I was a little hesitant when I picked up this fictional novel about an associate pastor in a megachurch. It was supposed to be an extremely funny book that would keep the reader in stitches, so I decided to take a chance. I needed a little humor in my life anyway!
Well, the book was well written and actually pretty funny, so from that standpoint, it was well worth reading. However, the most important lesson I learned from it would probably have horrified the author! Yet, I'm glad that I read the book.
First off I'm not into megachurches. Members can and do get lost. Many church goers may actually like that so that they never have to take on any responsibility. In fact, after becoming totally exhausted in ministry at very small churches myself, I have many times threatened to go to a church where I could slip in on Sunday morning and slip out at the end where no one knew me or even seemed to care. I understand, but I don't believe that's what church is about.
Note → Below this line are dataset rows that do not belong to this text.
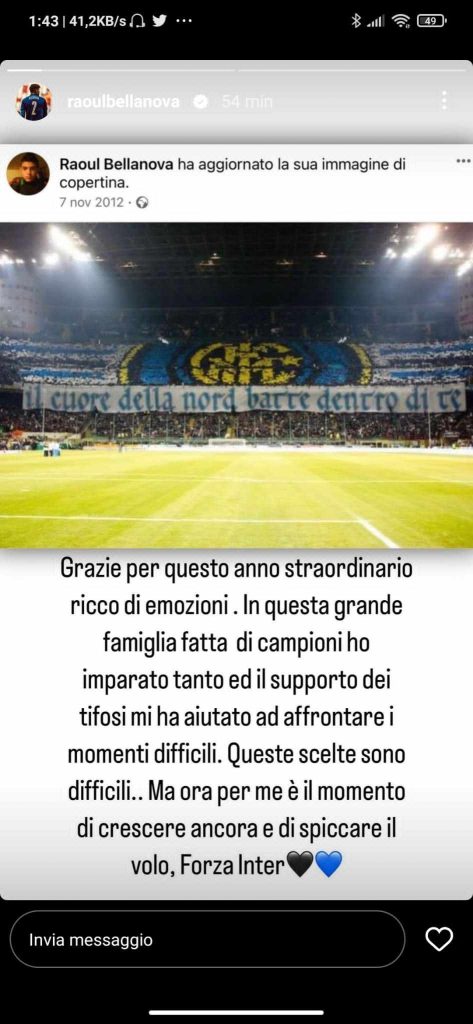 Ecco le sue parole su Instagram sottolineando l’onore di aver giocato con la squadra del suo cuore.
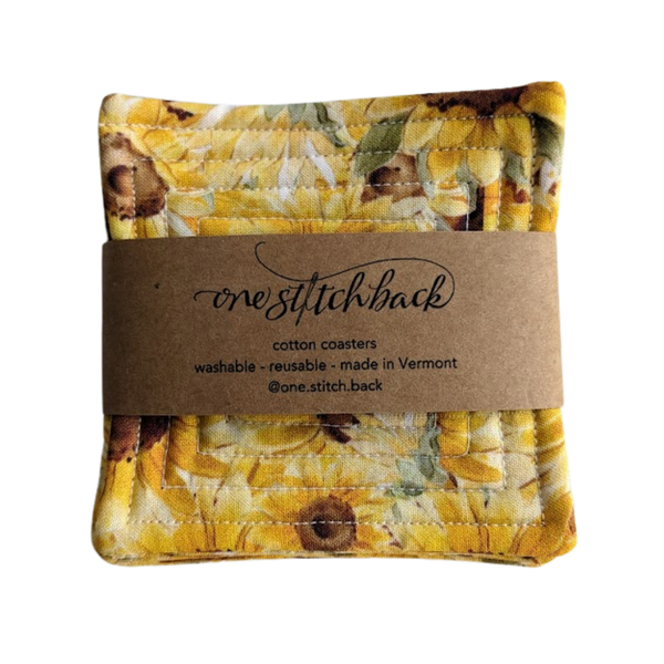 Our quilted coasters are tough enough for everyday use and easy to clean—just toss them in the washing machine and dryer on low! They come out fresh and ready to protect your surfaces again.
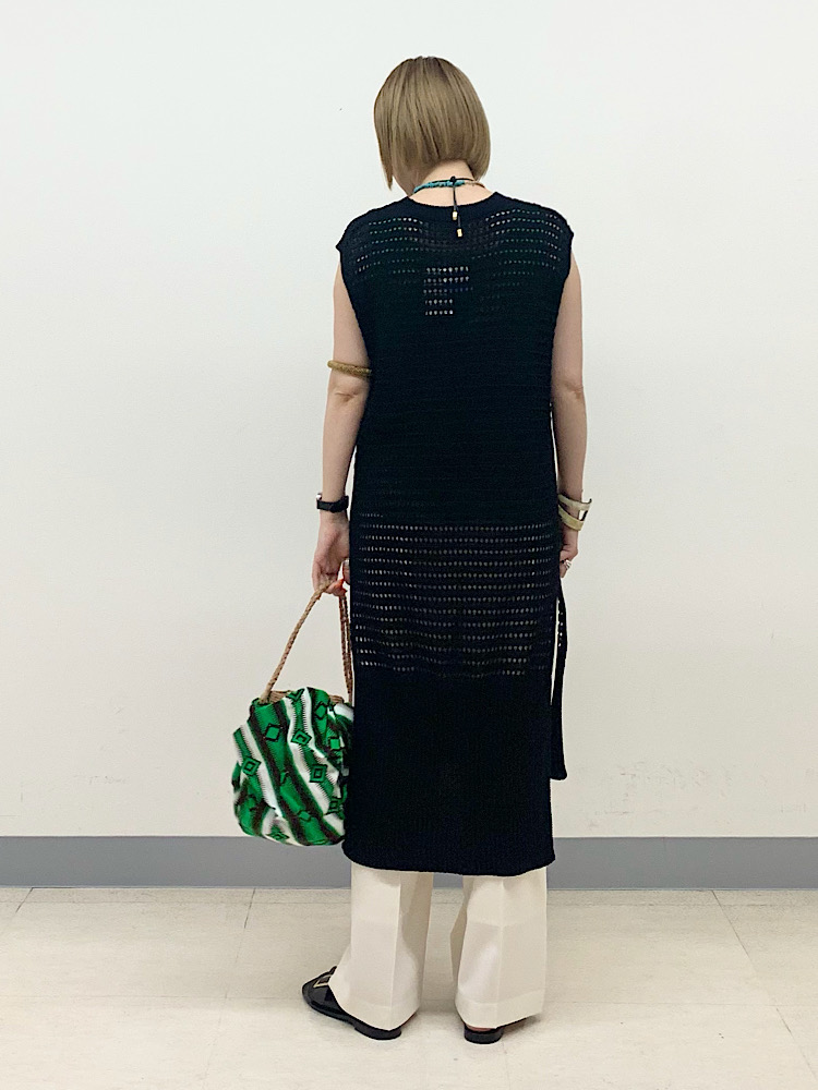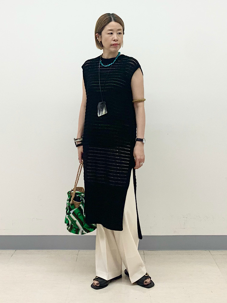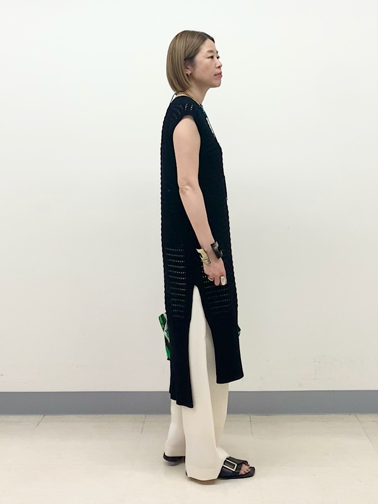 着心地:サイドにスリットがあり、重ね着しても負担なく着られます。シャリ感のあるニットなので、サラッとしていて気温の高い季節でも着やすいです。
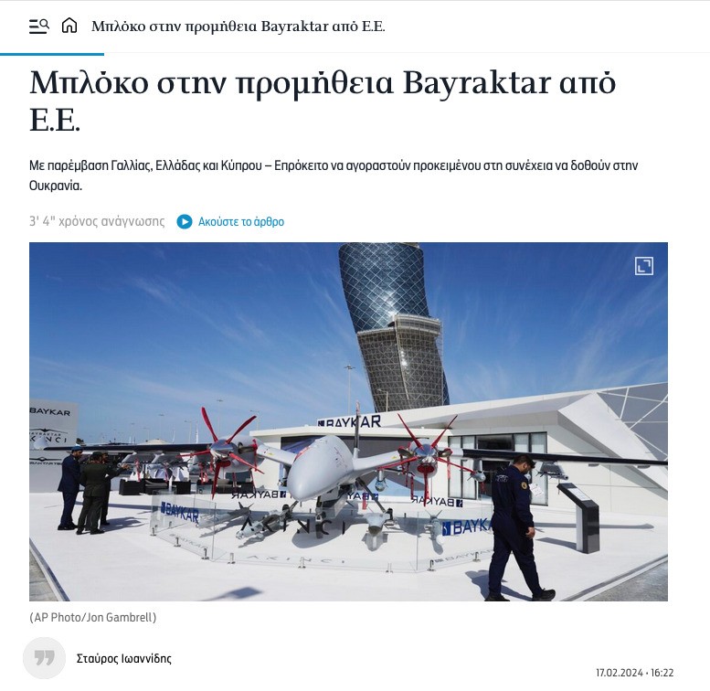 Brüksel’den bir diplomatik kaynak, Yunanistan ve Güney Kıbrıs’ın AB’deki daimi temsilciliklerinin bir süredir konuyla ilgili çalışma yürüttüğünü söyledi. İddiaya göre Yunanistan ve Güney Kıbrıs’tan diplomatlar, Kiev’in Bayraktarların üreticisi Baykar’dan büyük bir sipariş vermeye hazırlandığını ve bu siparişin AB’den alınacak parayla finanse edileceğini gündeme taşıdı.
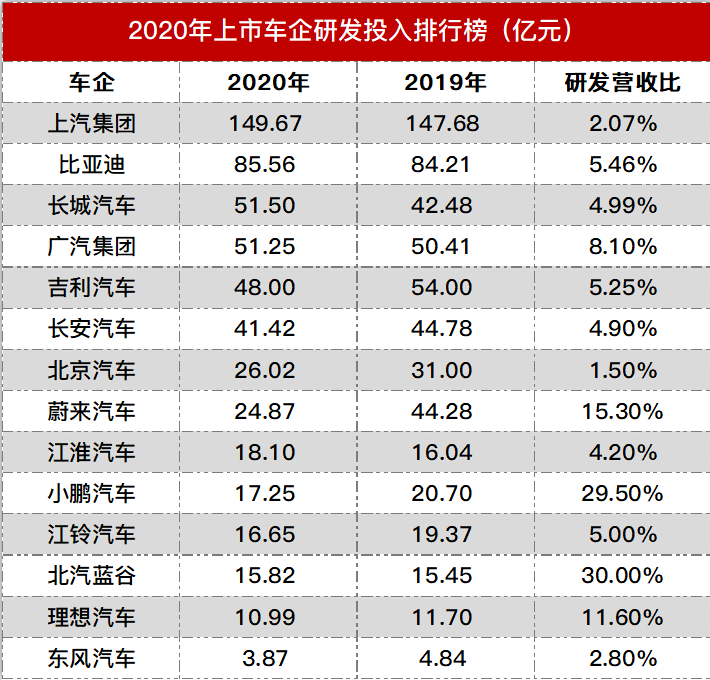 其他传统车企在研发上的投入也不低。2020年,长城汽车、长安汽车、吉利汽车等传统车企的研发投入均超过40亿元。
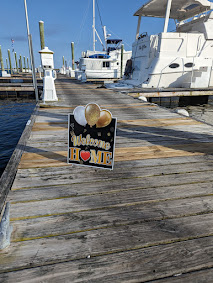 After the mainsail was all set, I made my way back to the cockpit, disengaged the autopilot, and turned Infinity towards Shenny. I knew Denise was waiting on the dock so I motored in at a quick pace. The winds had dropped to a very manageable amount but I was still nervous about getting into the slip. As I came around the jetty just outside SYC, I couldn’t believe what I saw at the end of the dock. Instead of just Denise standing there to welcome me home was a large gathering of my friends and family!! They were holding “Welcome Home” signs and cheering as I made my way towards the dock. Being the smartass that I am, I quickly grabbed the remote mic for the VHF, switched it to the PA setting to power up the speaker on the mast, then yelled out my most famous words in history…”Hey bitches, I’m back”!! A huge cheer rang out from the dock with that one…🤣🤣🤣. I turned down the fairway leading to Infinity’s slip and got ready to back in as usual. I had some lines set up and there were plenty of hands now to take them so it didn’t take long to get Infinity secure in her slip. All that was left was to shut her down one final time so with a pull of the fuel shutoff handle, she rumbled to a quiet stop. I gave her a gentle tap on the steering wheel and thanked her for bringing me back home safely after 9 long months.
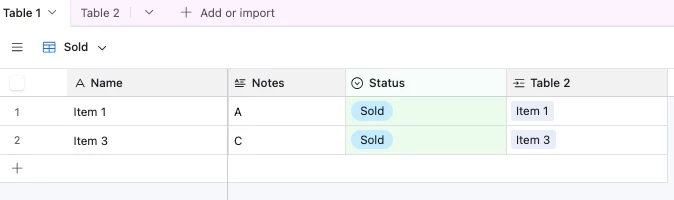 I have a table where I’m recording goods sold off from our inventory with a checkbox and status change. When I change the dropdown to `Sold` or `Donated` - I want to be able to :
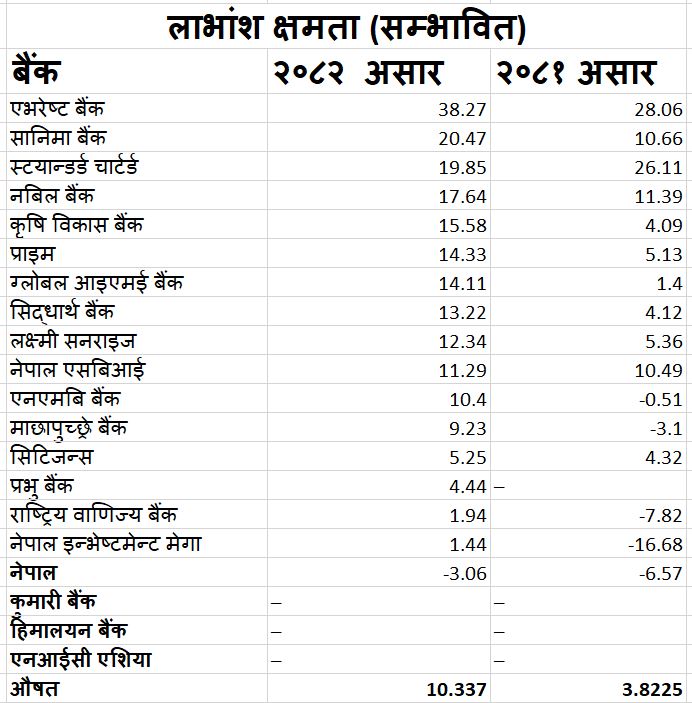 सञ्चालनमा रहेका २० वाणिज्य बैंकमा ४ वटा बाहेकका बैंकले सेयरधनीलाई लाभांश दिन सक्नेछन् । गत आवको आवको नाफाबाट बैंकको लाभांश दिने क्षमता १.४४ देखि ३८.२७ प्रतिशतसम्म लाभांश दिने सक्ने क्षमता रहेको छ ।
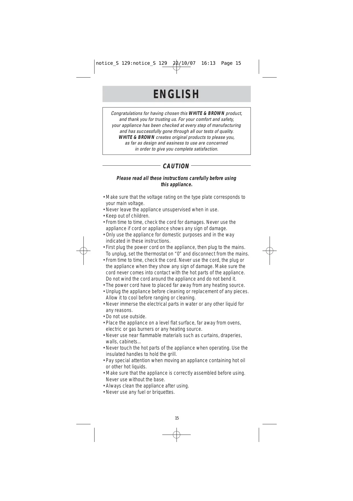 Congratulations for having chosen this WHITE & BROWN product, and thank you for trusting us. For your comfort and safety, your appliance has been checked at every step of manufacturing and has successfully gone through all our tests of quality. WHITE & BROWN creates original products to please you, as far as design and easiness to use are concerned in order to give you complete satisfaction.
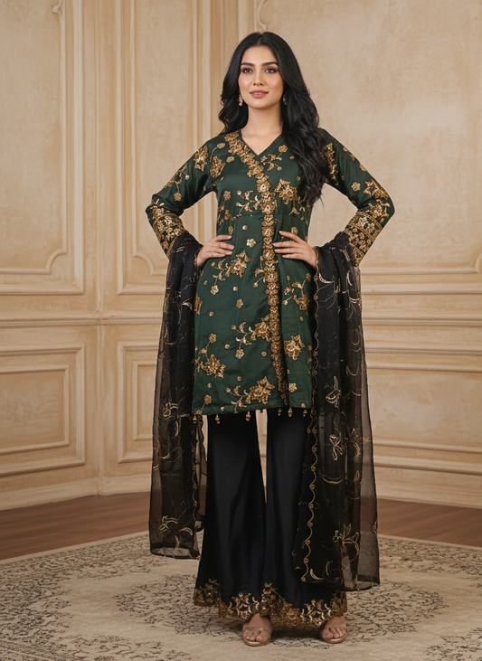 RUKHSAR|3-PIECE ORGANZA NET EMBROIDERED KURTA SET MMG-1074

However, I was appalled by the opulence in which the senior pastor and top people lived. Luxury cars, regular golf times at prestigious golf courses, magnificent offices, vacations in the Caribbean, and staff retreats at expensive spas were the way of life for this bunch. Was this author serious? I kept waiting for the cynical main character to disassociate himself from the church, wondering about the disconnect between the senior pastor and the third world where church and faith mean persecution, poverty, loss, and even death. But, the main character only spoke about how much good the church was doing, how many lives were changed, and how God had placed him in this wonderful church.
Also, I was bothered by the rigid set up of the Sunday morning service. It could only last exactly sixty minutes and the pastor's sermon could run no longer than twenty-five minutes. It was performance and entertainment oriented. The sanctuary was given a circus name.
Surprisingly, the main character seemed to have a personal relationship with God, although it got somewhat lost in all the references to popular rock music, movies and near swearing.
So why did I decide I was glad that I had read the book and what lesson had I learned?
There was a conversation in the book about someone wanting to become a Christian, but he was hesitant because it would mean giving up so many things. The associate pastor's answer blew me away. He said that Christianity was about freedom, even in those bad habits of his. He continued to say that God would change the believer's perspective and those habits just wouldn't seem so important any more. I almost fell off my chair! Most bad habits that we have are just plain sinful! God doesn't give us freedom to live in sin! It was then that I realized that this book was a prime example of where the church is going today. Satan must be ecstatic! There was no talk of sin or repentance. It was the "God accepts us just as we are" line that never gets around to stating how God will not leave us in sin. He demands repentance, the turning away from sin.
Where is the church headed? If we continue to follow in the line of this book, there soon won't be much of a church left, at least not the Church where there is repentance and true change to holy, righteous living. We'll just be playing church.